Fairness & Baselines

Speedups reported should specify baseline: - Naive Python (loop) vs Rust: large factors due to algorithmic complexity difference (O(T*W) vs O(T)). - Optimized rolling (e.g., pandas, bottleneck) may reduce gap; document chosen baseline explicitly.

Performance Claim Template

Benchmark:
Shape: (96, 1024, 1024), window=7, stride=4, mode="same"
Naive Python: 6.02s
Rust moving_average_temporal_stride: 0.74s
Speedup: 8.14x
Methodology: single run, time.perf_counter(), float64 arrays
Validation: np.allclose(rust_resampled, naive_full[::stride], atol=1e-12)

Guidance

Use when: - Reducing data volume for downstream ML/trend analysis. - Combining smoothing + decimation in a single pass to avoid intermediate large arrays. - Preparing seasonal or multi-week composites from daily stacks.

Limitations

  • Does not average between sampled points (no anti-alias filtering beyond original window).

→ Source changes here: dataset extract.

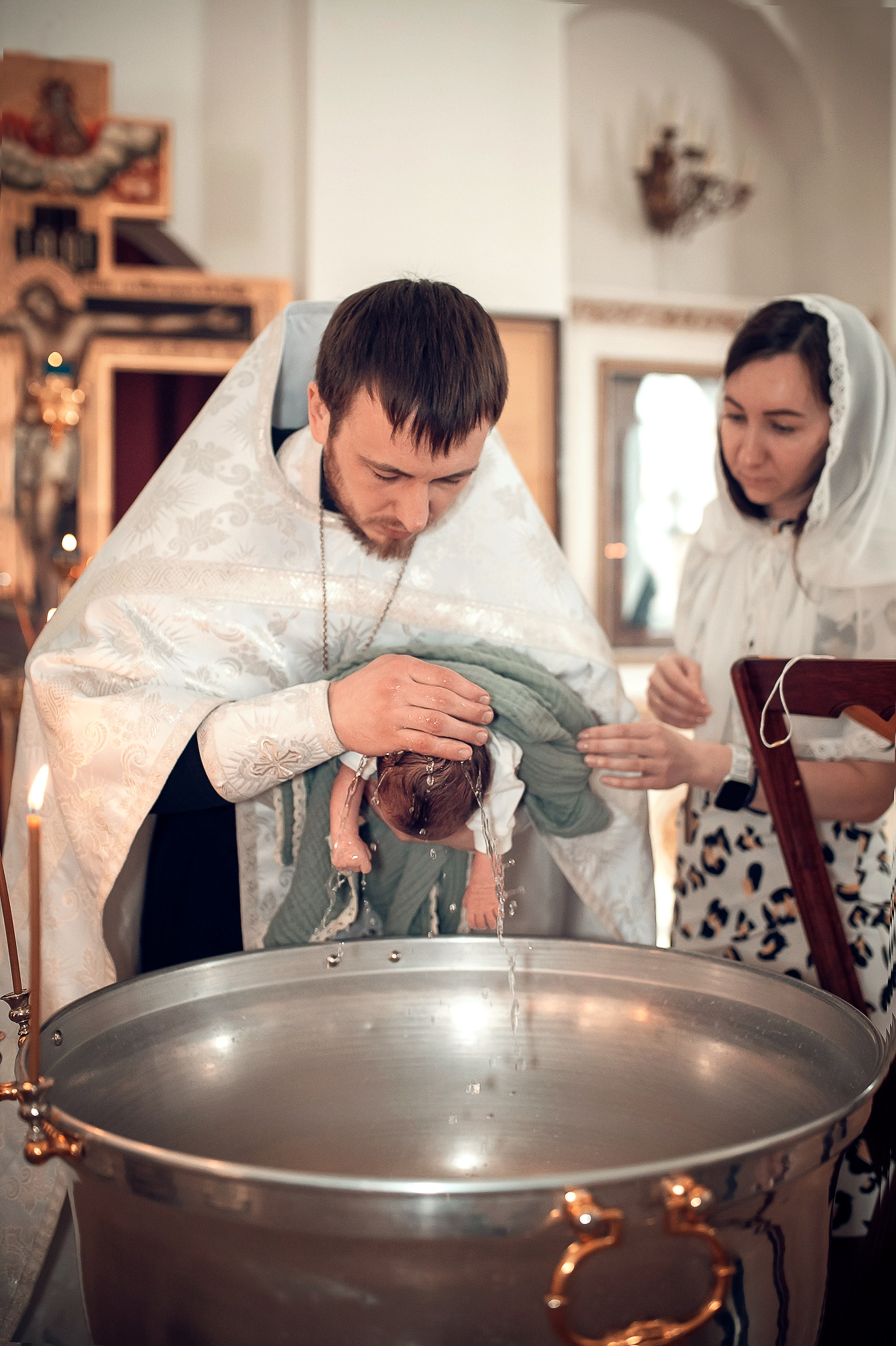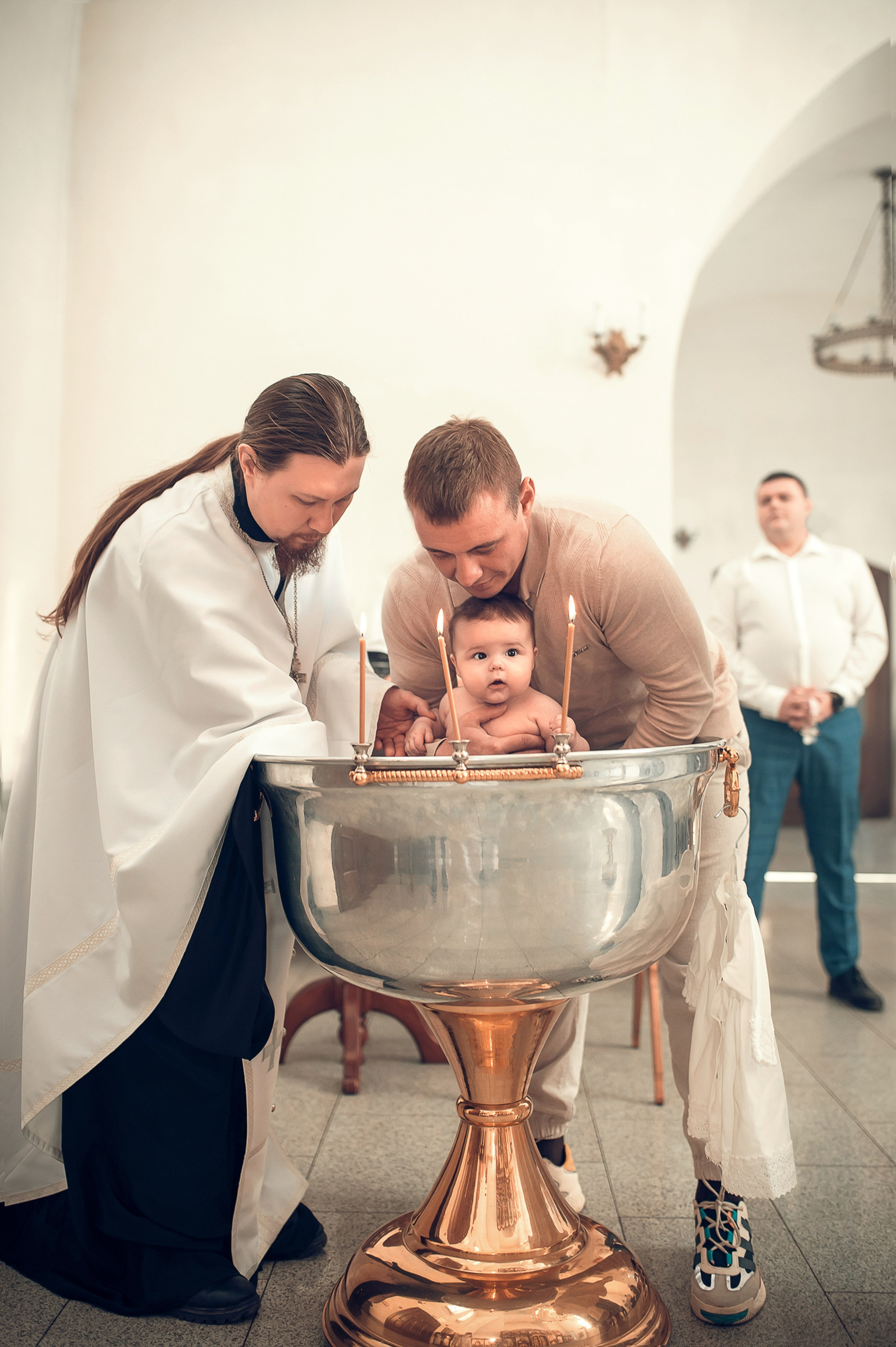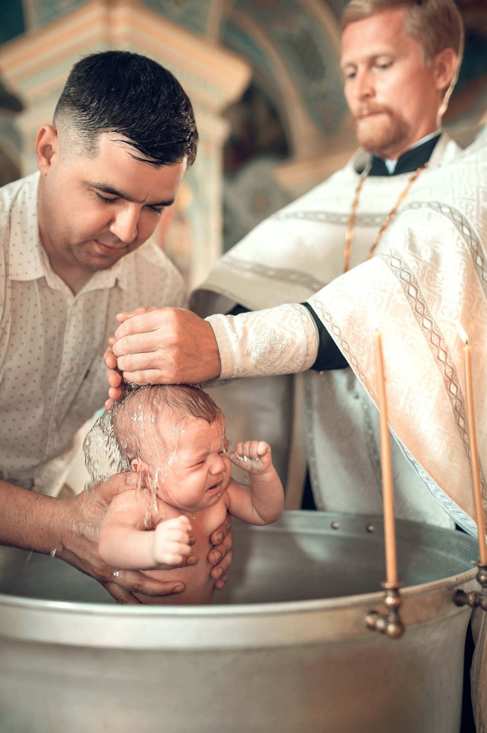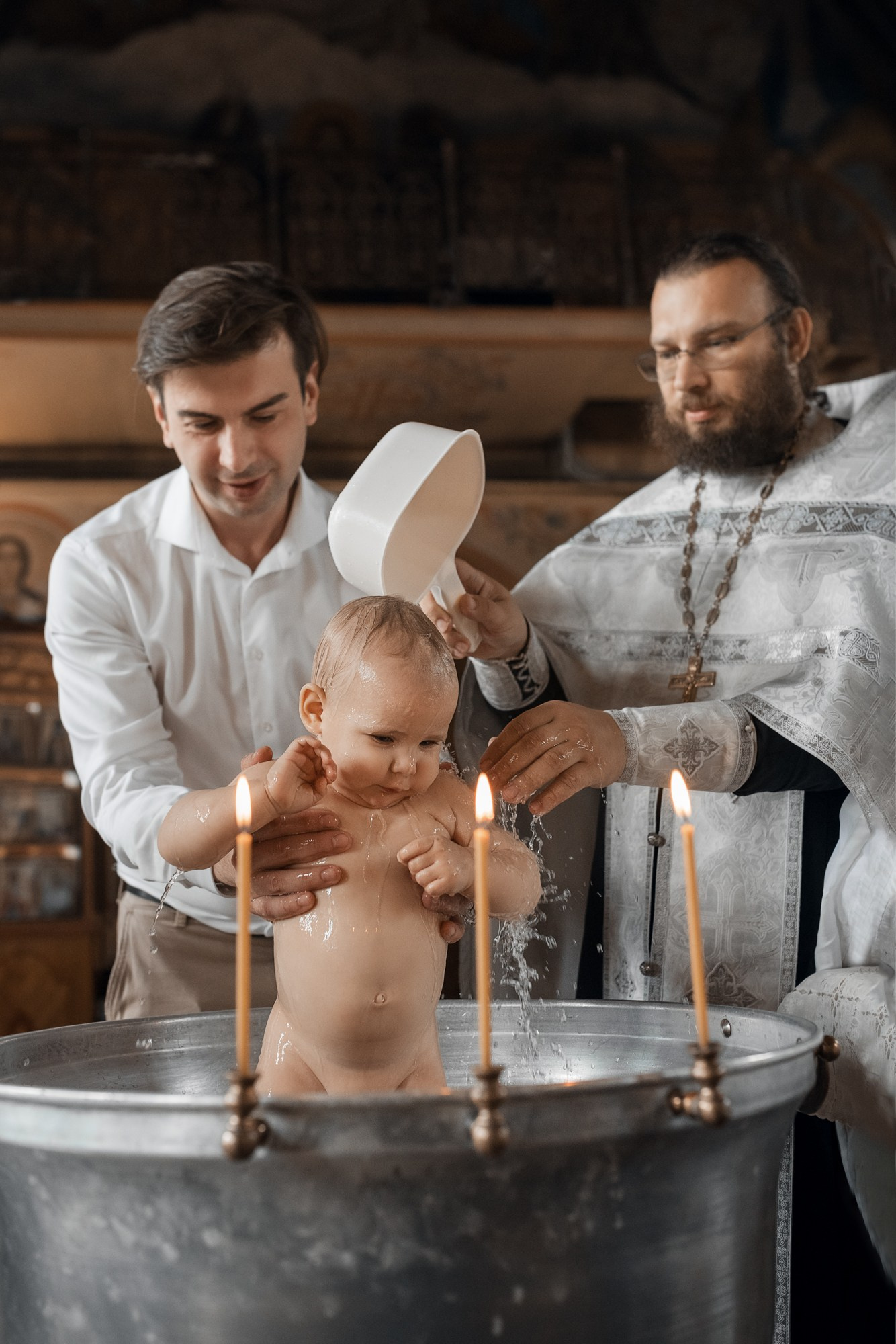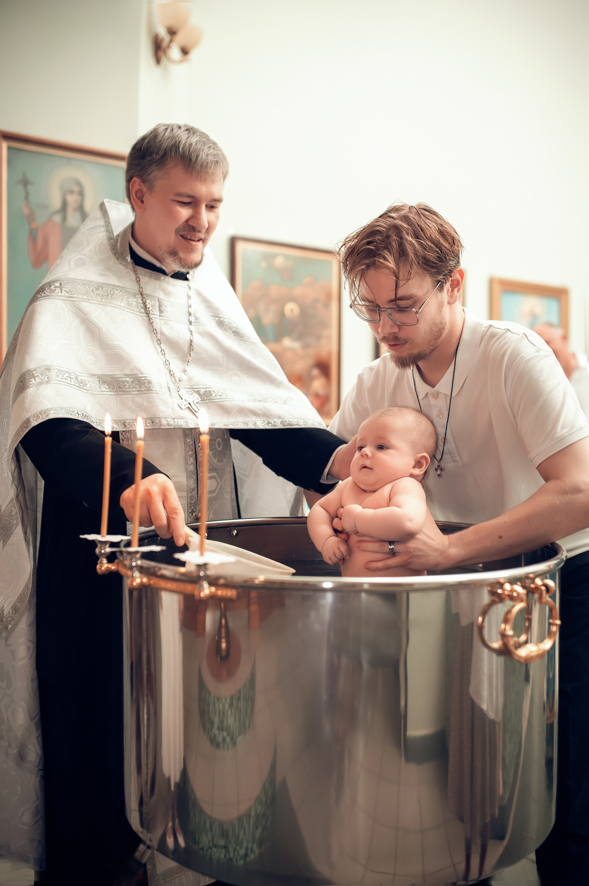 Фотографии момента погружения в купель (Таинство крещения). Moscow_CPC

  • No weighted windows (future extension).

  • Very large time dimensions still allocate prefix arrays (consider external chunking).

Future Extensions

Potential enhancements: - Weighted / exponential moving averages with stride. - Adaptive stride selection (e.g., based on variance reduction targets). - In-place streaming variant to reduce prefix memory for extremely large T.

End of moving_average_temporal_stride reference.